Мирон Петровский - Книги нашего детства
«— А где же стихи к Буратино? Ты задерживаешь работу.
Обещаю стихи…»[250]
Это — единственное известное мне, да и то косвенное, но вполне достоверное признание о подлинном авторстве стихов из толстовской сказки[251]. Толстой, конечно, знал, кому он «заказывал» стихи для «Золотого ключика»: тема была определена замыслом сказки, а поэтические возможности и пристрастия Крандиевской он представлял себе отчетливо. Поэтому-то сочиненные Крандиевской стихи следует рассматривать как толстовскую пародию: сотканные из далеких и близких отзвуков поэзии Блока, они приобретают пародийный смысл в контексте сказки Толстого — именно благодаря этому контексту.
Произведение, созданное при разнообразной помощи, фактически — при соавторстве Крандиевской, было бы естественно ей и посвятить, но в посвящении «Золотого ключика» стоит другое женское имя. В литературе известны — далекие от безупречности — случаи, когда лирика, вдохновленная одной женщиной, переадресовывалась другой. Но чтобы стихи, сочиненные женой, включались в произведение, посвященное ее сопернице, — этот случай, кажется, не имеет прецедентов.
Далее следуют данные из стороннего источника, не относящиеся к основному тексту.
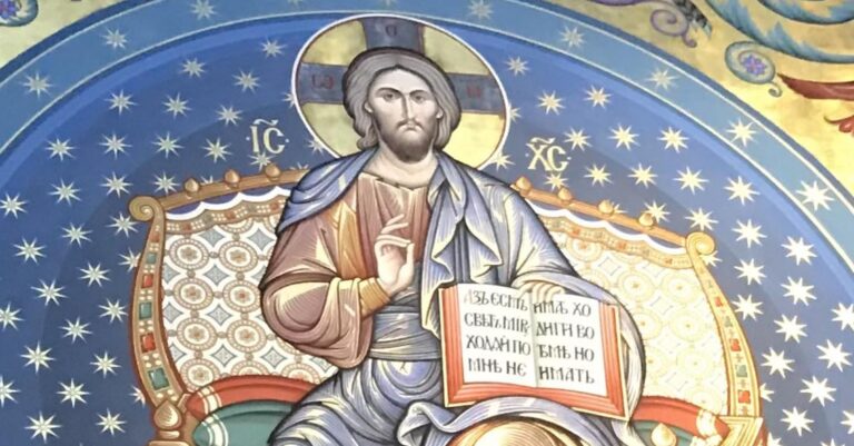 Kristus kaikkivaltias valtaistuimella. Kuva: Järvenpään ortodokisen kirkon Facebook-sivun Raamattupiiristä kertovan päivityksen kuvituskuva.
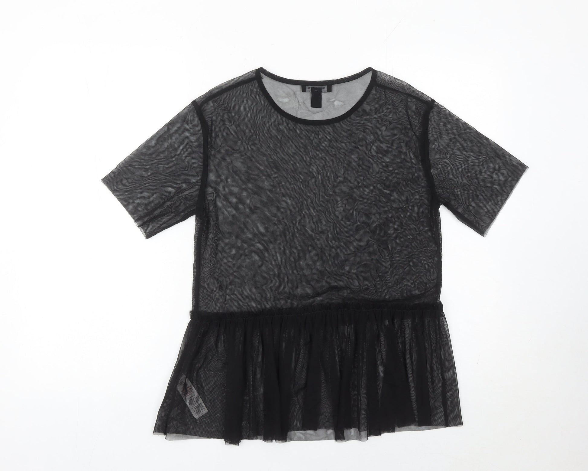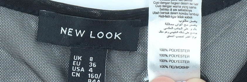 New Look Womens Black Size 8 Mesh Ruffle Hem Tunic Blouse
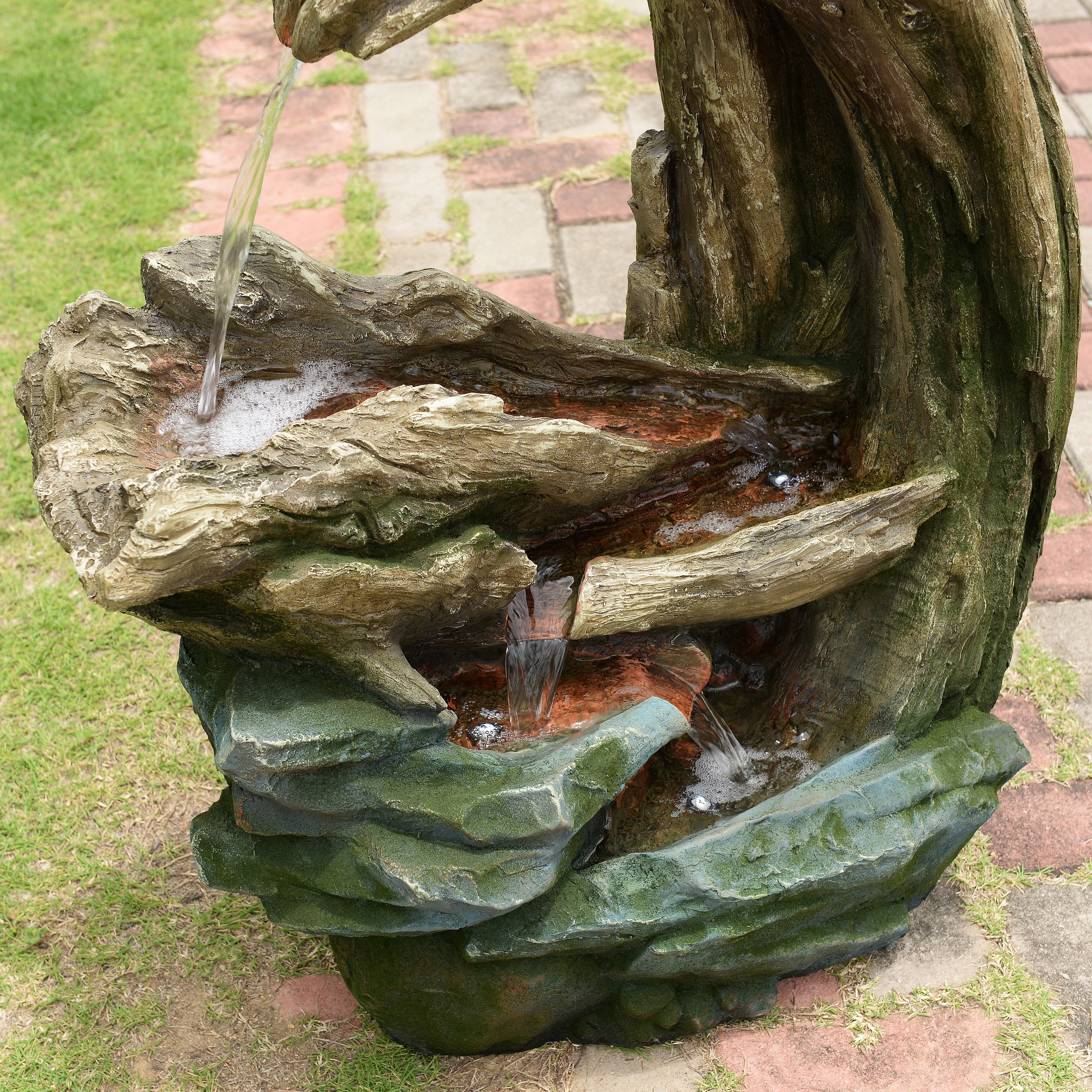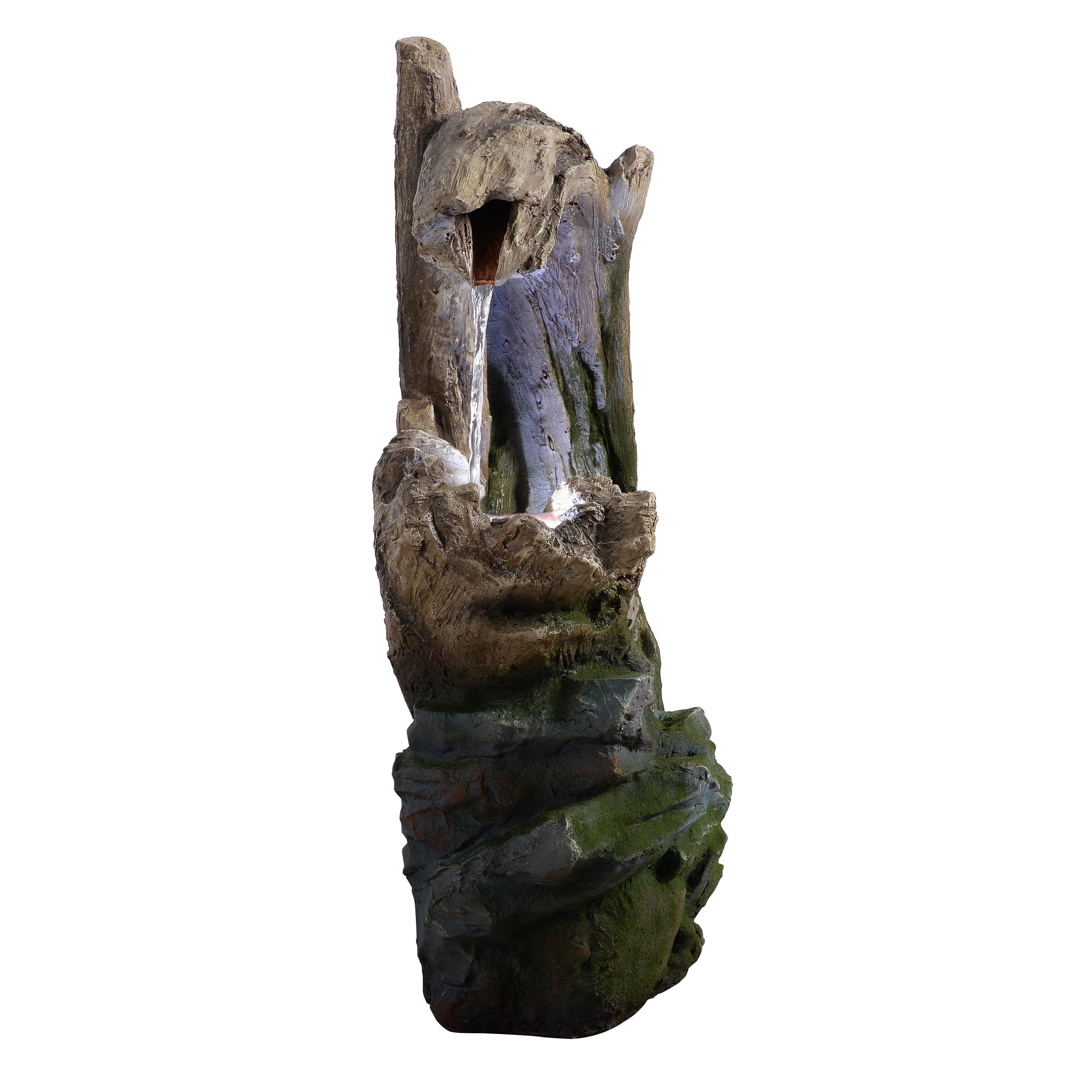 Integrated LED lights illuminate the flowing water, producing a warm glow that enhances evening ambience without overpowering the natural design. Crafted from durable polyresin, stone powder and fibreglass, the fountain captures the texture and detail of real rock and driftwood while remaining lightweight and weather-resistant. This construction ensures long-lasting outdoor performance while allowing easy positioning wherever you want to create a relaxing focal point. Installation is straightforward. Place the fountain on a stable, level surface, connect the pump and LED cables, fill the basin with clean water until the pump is fully submerged and plug into a GFCI-protected outdoor socket.
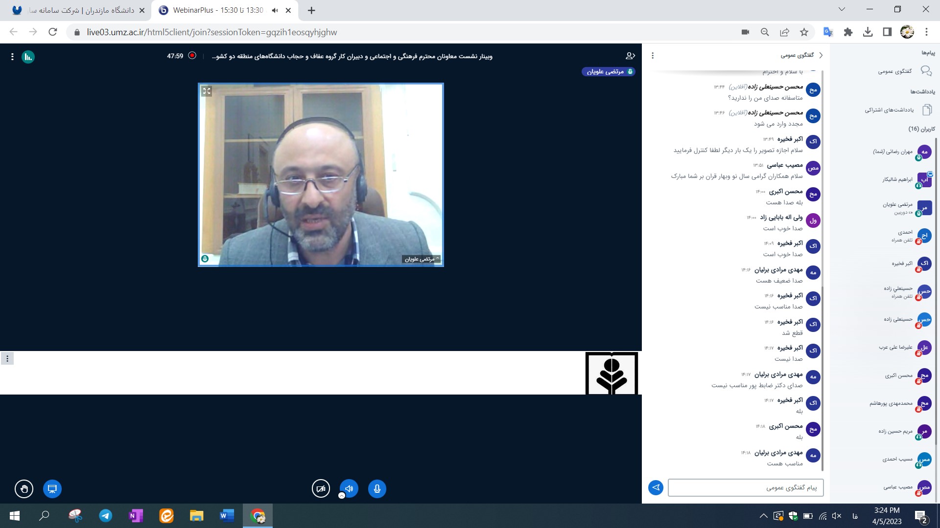 به گزارش روابط عمومی دانشگاه مازندران، نخستین نشست شورای هماهنگی معاونان فرهنگی و اجتماعی دانشگاهها و موسسات آموزش عالی منطقه دو کشور در سال 1402 به صورت مجازی و با دستور کار"عفاف و حجاب در دانشگاهها" به ریاست دکتر مرتضی علویان معاون فرهنگی و اجتماعی دانشگاه مازندران برگزار گردید.

VI«Я — человек этого общества символистов», — говорил Алексей Толстой, выступая перед советскими писателями[252]. Он, разумеется, имел в виду, что был одно время человеком этого общества. На пути писателя символизм был лишь вехой, за которую он ушел далеко — в другие идеологические, эстетические и нравственные области. Он оставлял свое прошлое со смехом неофита, обретшего истинную веру и попирающего языческие капища. Чем решительней был разрыв с прошлым, тем острей была сатирическая полемика, которую Толстой вел оружием противника и на его территории. Против символизма писатель пустил в ход переосмысленные образы символистского обихода. Пародия подвергла эти образы внутреннему опустошению — опустошенные, они легко наполнялись новым содержанием.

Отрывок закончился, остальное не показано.